Drop a spark. Get a paper.

Every citation verified. Every figure editable. Every number traced to source.

13 composable Claude Code skills turn a one-line idea into a compiled PDF —
real references, editable vector figures, and machine-checked integrity included.
No app. No server. No setup.

Latest Release Stars Claude Code Plugin 13 skills Editable vector figures Machine-checked integrity MIT License

🏆 Showcase · ✨ Features · 🧭 Compare · 🖼️ Figure Engine · 🔬 Pipeline · 🚀 Quick Start


🏆 Generated Paper Showcase

Sample Paper 4 papers across 4 domains — environmental monitoring, energy forecasting, environmental AI, computer vision — generated fully end-to-end with real citations, editable vector figures, and compiled PDF output.
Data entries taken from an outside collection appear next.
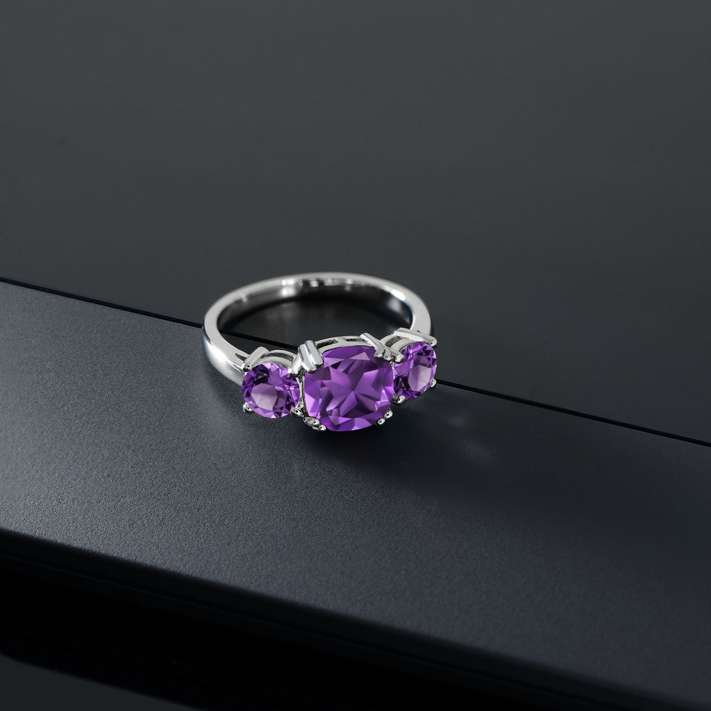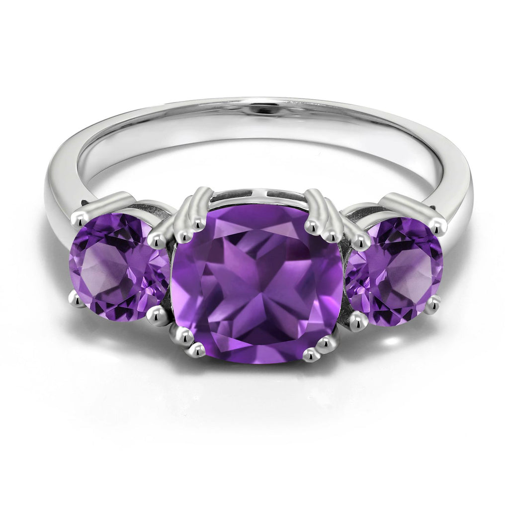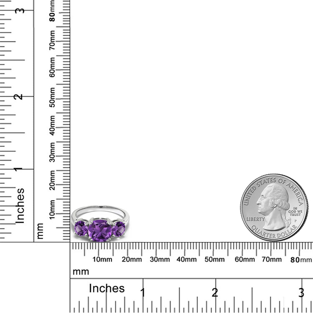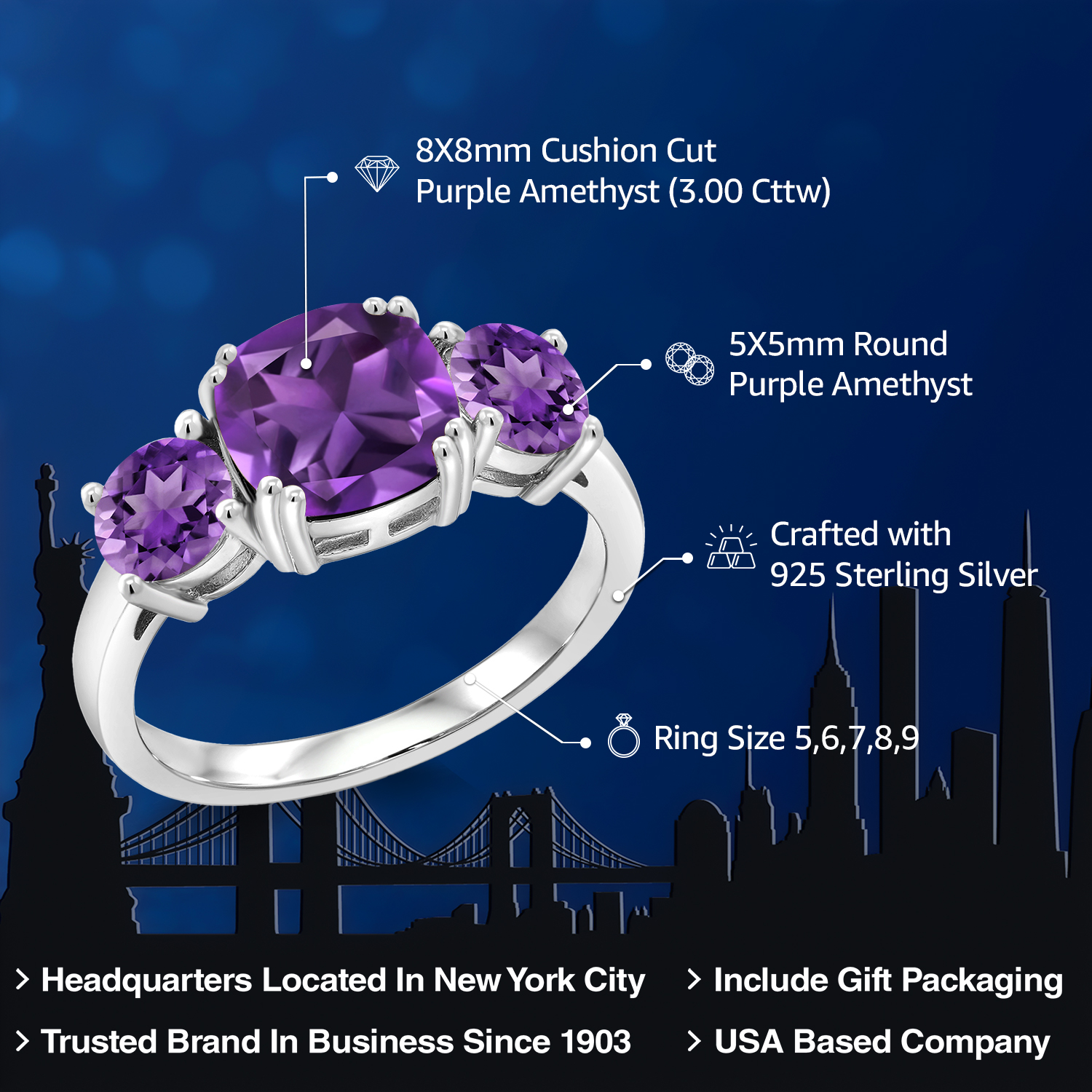 EXQUISITE GEMSTONE TRIO: This engagement ring features a trio of dazzling purple amethyst gemstones, totaling 3.00 carats. The centerpiece is a luxurious cushion-cut 8mm amethyst, flanked by two smaller yet equally stunning amethyst stones on each side. Together, they create a captivating ensemble that symbolizes love, loyalty, and commitment.
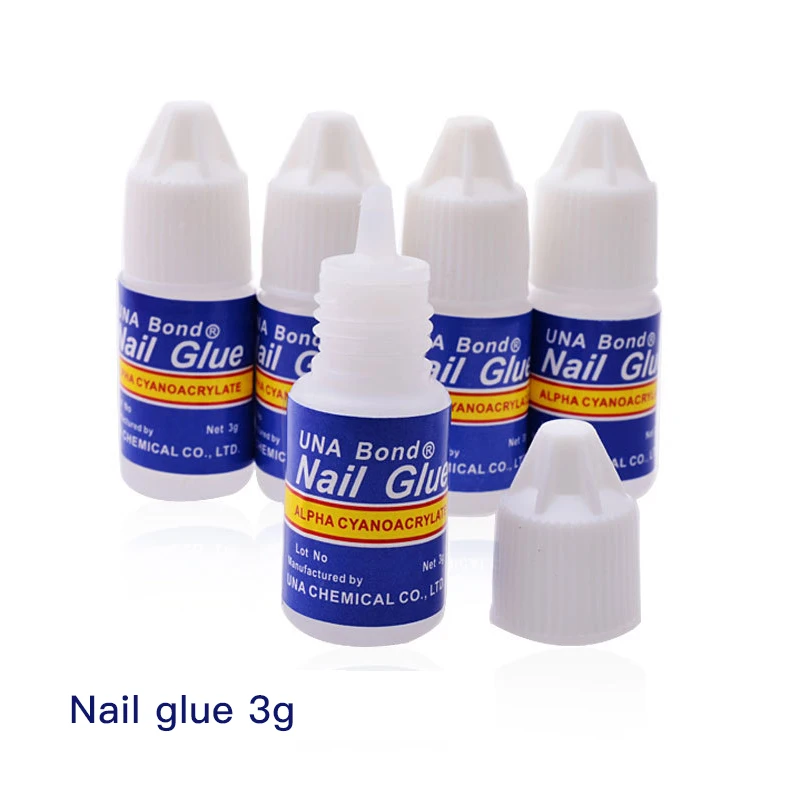 1. False Nails: To apply the glue on the back of the false nails through a brush, then push the false nails from the nail top to the nail bottom; after being pressed, the false nails would be glued.
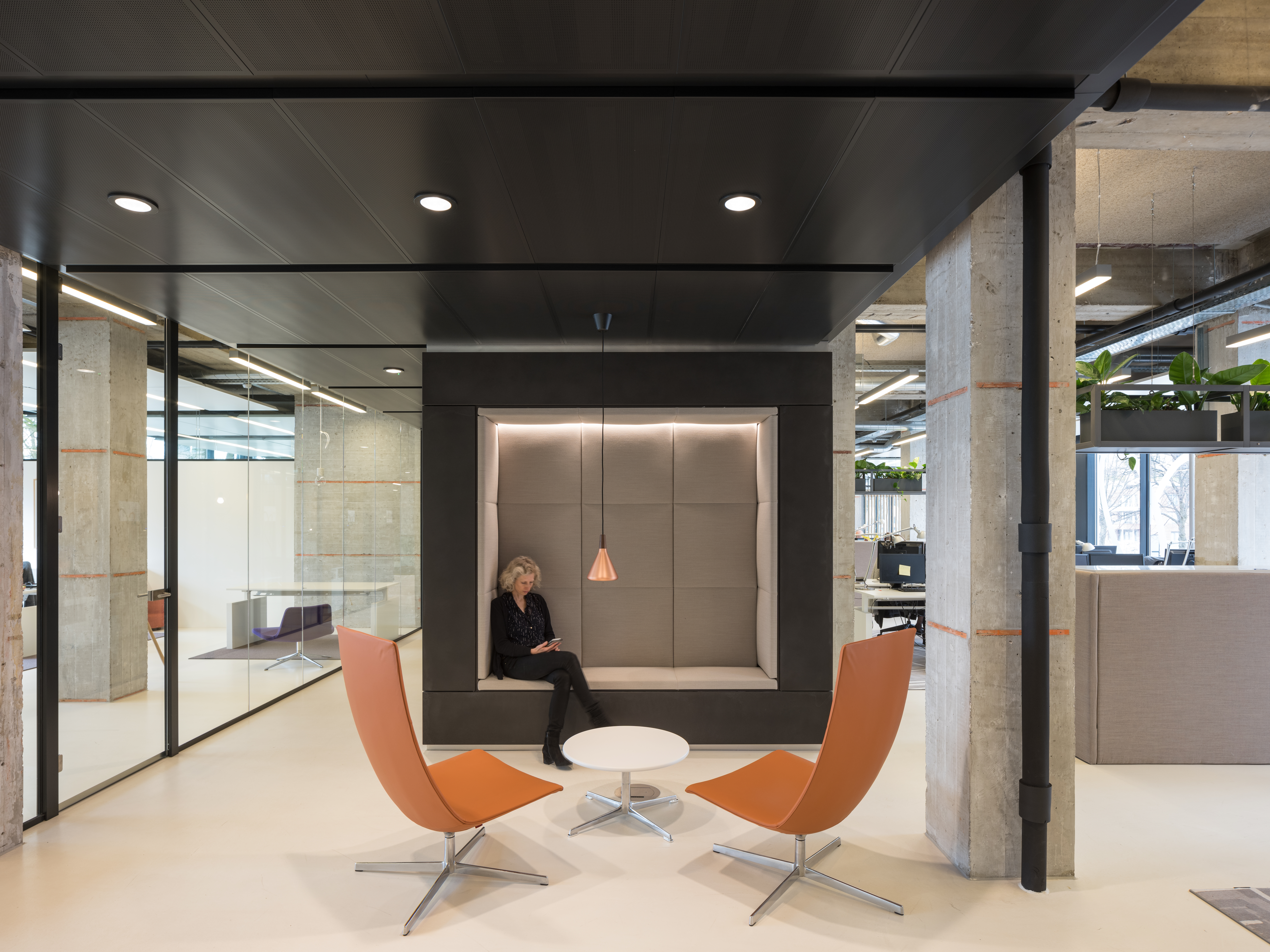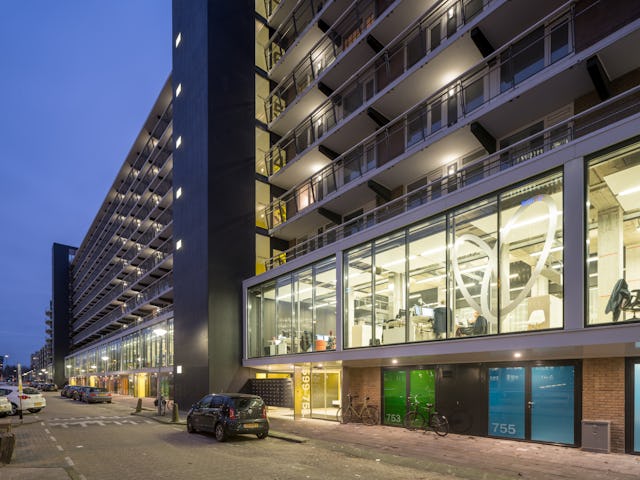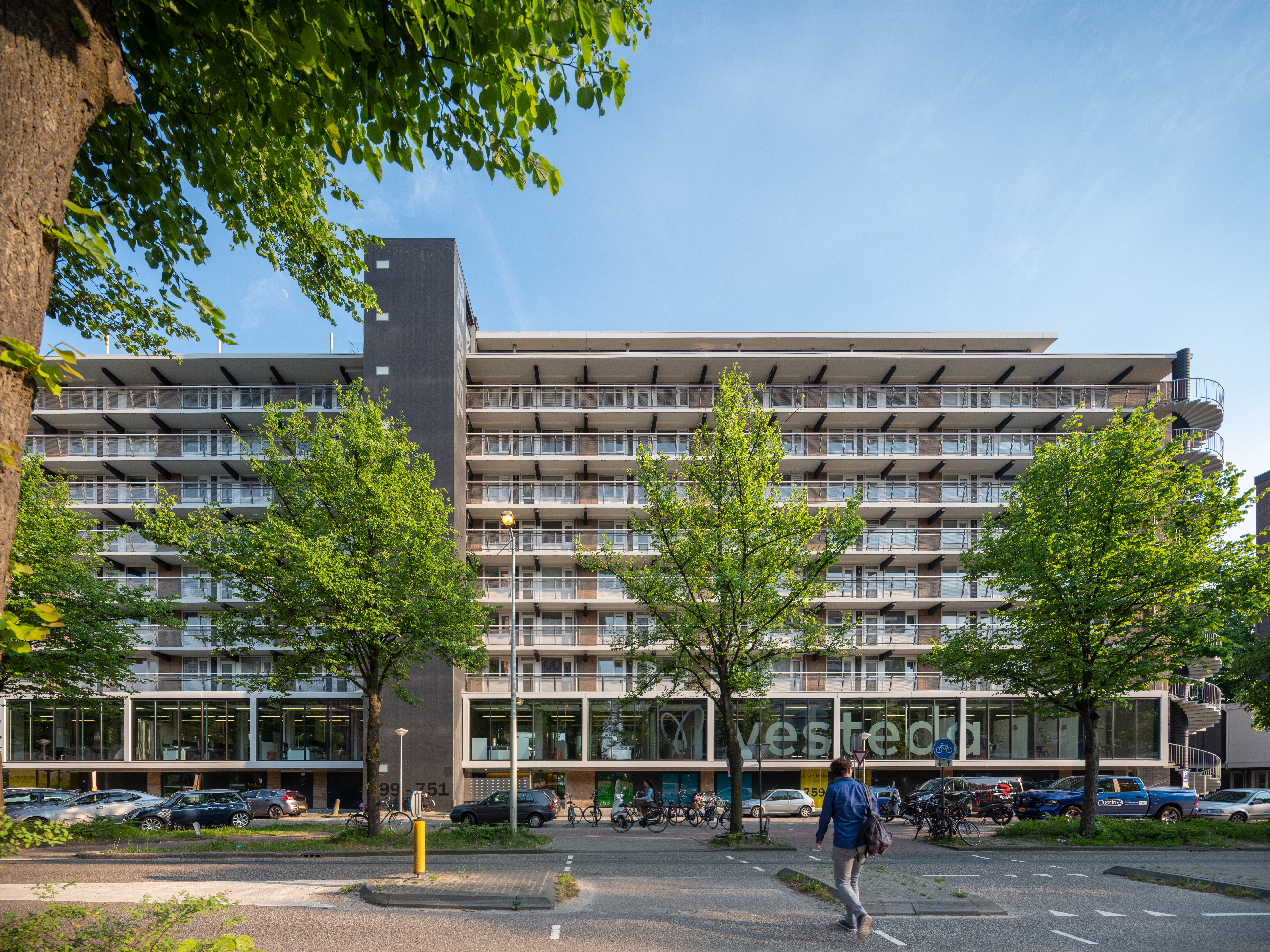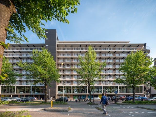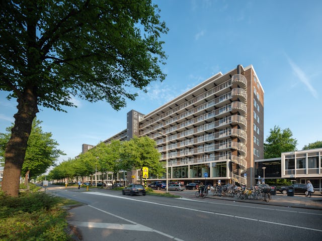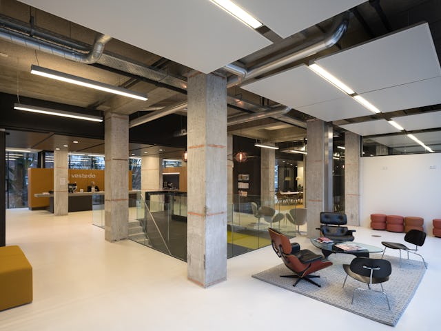 Op de eerste verdieping ontwierp Hans van Heeswijk architecten het interieur voor het nieuwe hoofdkantoor van Vesteda. 125 Medewerkers werken nu in een flexibele werkomgeving: een lichte loftachtige kantoorruimte met uitzicht op de prachtige omgeving. Met deze opwaardering geeft De Boel nieuw leven aan een bestaand flatgebouw op Zuidas Amsterdam.

View Showcase  All 4 Papers

🔥 What's New

  • v1.1.0Claude Code plugin support. Restructured as a proper plugin with .claude-plugin/plugin.json. One-command install, auto-loads on session start.
  • v1.0.1Soft update notification. check_update.py queries GitHub Releases API on each run (24h cache, silent when up-to-date, never blocks).
  • v1.0Initial release. 13 skills, end-to-end pipeline, DrawAI hybrid figure engine, MIT License.

⚡ One Command. One Paper.

# Install — auto-loads on next Claude Code session
git clone https://github.com/Albus-White/spark-to-paper-skills.git ~/.claude/skills/spark-to-paper-skills
Run ts-paper on this proposal.   ← paste your idea, proposal, or data

The orchestrator auto-routes your input, picks the right mode, and runs the full chain.


📦 What You Get

📄main.tex · main.pdfCompiled paper in the selected venue template
📝sections/*.texOne LaTeX source file per section + abstract
🗺️blueprint.jsonStructured title, keywords, contributions, notation, word targets
📚refs.bibReal BibTeX entries — every \cite{} verified via WebSearch + Crossref
🖼️figures/*.pdfEditable vector figures (SVG + PDF + PPTX), originals always kept
🧪experiments/Auto-run experiment code + filled result tables (Stage 8)
📋logs/*.io.mdFull INPUT / DECISIONS / OUTPUT trace for every stage
🚦run_gates.pyAll deterministic gates pass — citations, draft, vectors, LaTeX

✨ What Makes It Different

Capability Description
🖼️ Editable Vector Figures The feature no other tool has. AI-generated rasters are decomposed and reconstructed as editable SVG/PDF/PPTX via DrawAI hybrid (~0.91 SSIM). Not embedded bitmaps — real editable text overlays on pixel-exact renders.
🔗 End-to-End Idea → literature → writing → experiments → figures → compiled PDF. The only pure Claude Code plugin that runs the entire arc.
🔒 Machine-Checked Integrity No fabricated numbers — ever. Every citation verified. Deterministic gates fail the build on violations. Not a style suggestion — a hard stop.
🔀 Two Integrity Modes Proposal mode: forward-looking, result cells stay blank. Data-aware mode: every number traced to your real data, in past tense. Machine-audited.
⚔️ Adversarial Review N isolated reviewers read the whole paper with verbatim-quote anti-skim, then perspective-diverse skeptics try to refute each issue. Loop until dry.
🧪 Auto-Experiments Stage 8 diagnoses logic, runs only feasible experiments on real data/code, fills result tables, and recompiles. Never invents results.
📐 Template-Agnostic NeurIPS and IIETA bundled. Add any venue — drop a templates/<name>/ dir with template.json + LaTeX assets. No code changes.

🧭 How It Compares

Capability comparison matrix across AI-research tools

full  ·   partial  ·   none  |  sources: ARS · Idea2Paper · AutoResearchClaw · AI-Scientist · Kosmos · karpathy/autoresearch · auto_research

The heavy autonomous scientists (AutoResearchClaw, AI-Scientist) match the breadth — but ship as standalone Python products (Docker, Neo4j, tens of thousands of LOC). The lighter skills (ARS, Idea2Paper) don't run experiments or draw figures. Nobody else gives you all of it as drop-in Claude Code skills with editable vector figures.


🖼️ The Figure Engine

The capability no other skill suite has. AI image models produce rasters — but a paper needs editable vector figures.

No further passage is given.